Here, it is crucial to draft such triggers as clearly as possible to avoid a situation where, for example, a technical reallocation of stakes between founders would convert the investor's loan into a share. In addition, it is not the safest option for the founder when the investor can convert the loan at any time and at its discretion. It is recommended to avoid such a situation.

4. Investor’s control

A standard convertible loan provides for a delayed entry of the investor as a shareholder (usually to the next investment round). Until then, the founders retain the freedom to manage the business as they see fit.

At the same time, the investor's desire to know what is going on in the company is completely understandable, which is why you can often find in the agreement the investor's right to receive information from the company (about revenue, expenses, negotiations with new investors, current problems, etc.). This is standard practice, but ensure that the list of such information is adequate, its provision is not too burdensome, and will not interfere with ordinary business conduct.

Sometimes, investors, even before receiving shares in the company, already desire to participate in its management along with the founders and ask for veto rights on certain business decisions (up to the point of attracting a new investment round) or pre-emptive rights to acquire shares. Such situations are not relatively standard.

It is up to you whether you agree to this or not. We recommend that you approach this issue very carefully, assess all the conditions (especially regarding the transaction amount), and determine whether you are ready for such terms. In any case, you can try to limit or narrow such rights of the investor.

5. Involvement

Since the investor is interested in having the founders focus on the startup, the investor may include in the agreement non-competition obligations (obligations not to develop or be involved in similar businesses in parallel). This is a normal condition for such deals. However, the founder may consider a mirror non-solicitation obligation – a commitment by the investor not to solicit the startup's team.

6. Representations and warranties (we have already written so much about them)

Often, investors ask founders to provide representations and warranties that all the intellectual property rights to the company's product are properly and fully vested in the company. This is often a weak point for a startup, as internal processes have not yet been established, not all those engaged individuals have formalized relations with the company, etc. There is no need to confirm inaccurate representations and warranties because the negative consequences may follow. It is better to disclose to the investor all the outstanding issues and jointly work out the way to correct them.

7. Sanctions

In general, you should carefully review the document to see the obligations imposed on the founders. Here, it would help if you avoided vague wording that does not give you an idea of what the investor expects from you. For example, the obligation to make every effort to develop the business: your efforts may seem sufficient to you but not to the investor.

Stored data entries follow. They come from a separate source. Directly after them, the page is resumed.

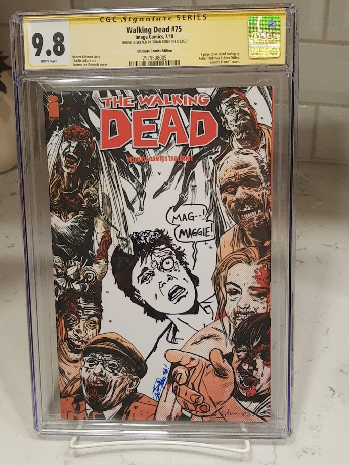 The Walking Dead number 75 ultimate Comics exclusive cgc 9.8 featuring original sketch of Glenn Signature Series signed by Brian Kong
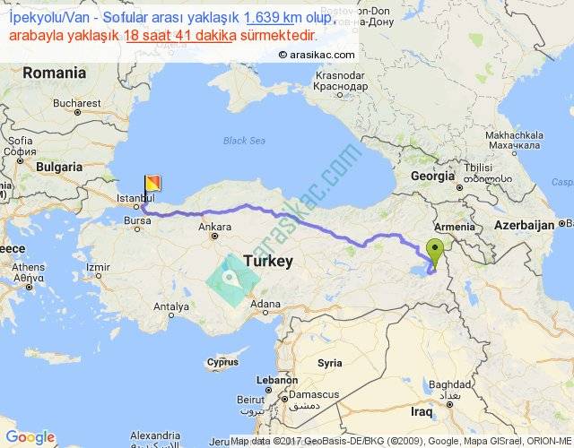 İpekyolu Van - Sofular arası yaklaşık olarak 90 km/h ile yukarıda belirtilen sürede olup, iki yerin kuş uçuşu uzaklığı (mesafesi) 1230'dir. Eğer belirtilen yerler arasında uçak seferi var ise bu süre uçakla 1 saat 53 dakika'ya kadar düşebilir. Yolculuk otobüsle 1 gün 0 saat sürmektedir.
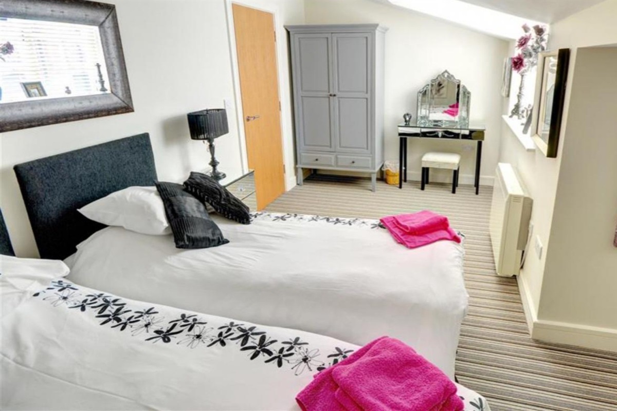 Bedroom 1 : Two twin beds which can be made into a double upon request, a small child bed ( 8 years and under) can be made upon request, wardrobe, dressing table & TV
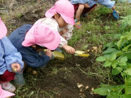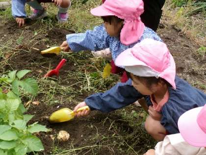 ジャガイモ掘り 公開日 2025/05/26 更新日 2025/05/26 園児のようす 園内でジャガイモ掘りをしました。 葉っぱをもって、「よいしょ!」と引っ張ったり、土の中のジャガイモを探したり…。 探しているうちに、ジャガイモではなく、ダンゴムシ探しを始める子どもたちもいて、とても可愛い自然な姿の子どもたちでした。 いいね(0)

Another crucial point is that liability must be commensurate with the breach. Incommensurate liability is when a breach of the “involvement in the business” obligation is punishable by transferring all the rights to your product to the investor. This is something we strongly recommend avoiding.

Understandably, you want to close the deal, get the money, and start developing your business as soon as possible. However, do not underestimate the importance of agreeing on all the terms and conditions because the consequences can sometimes be very unfavorable, up to and including the loss of business. Therefore, we recommend that you take your time in this matter and carefully approach the negotiation of the transaction documents.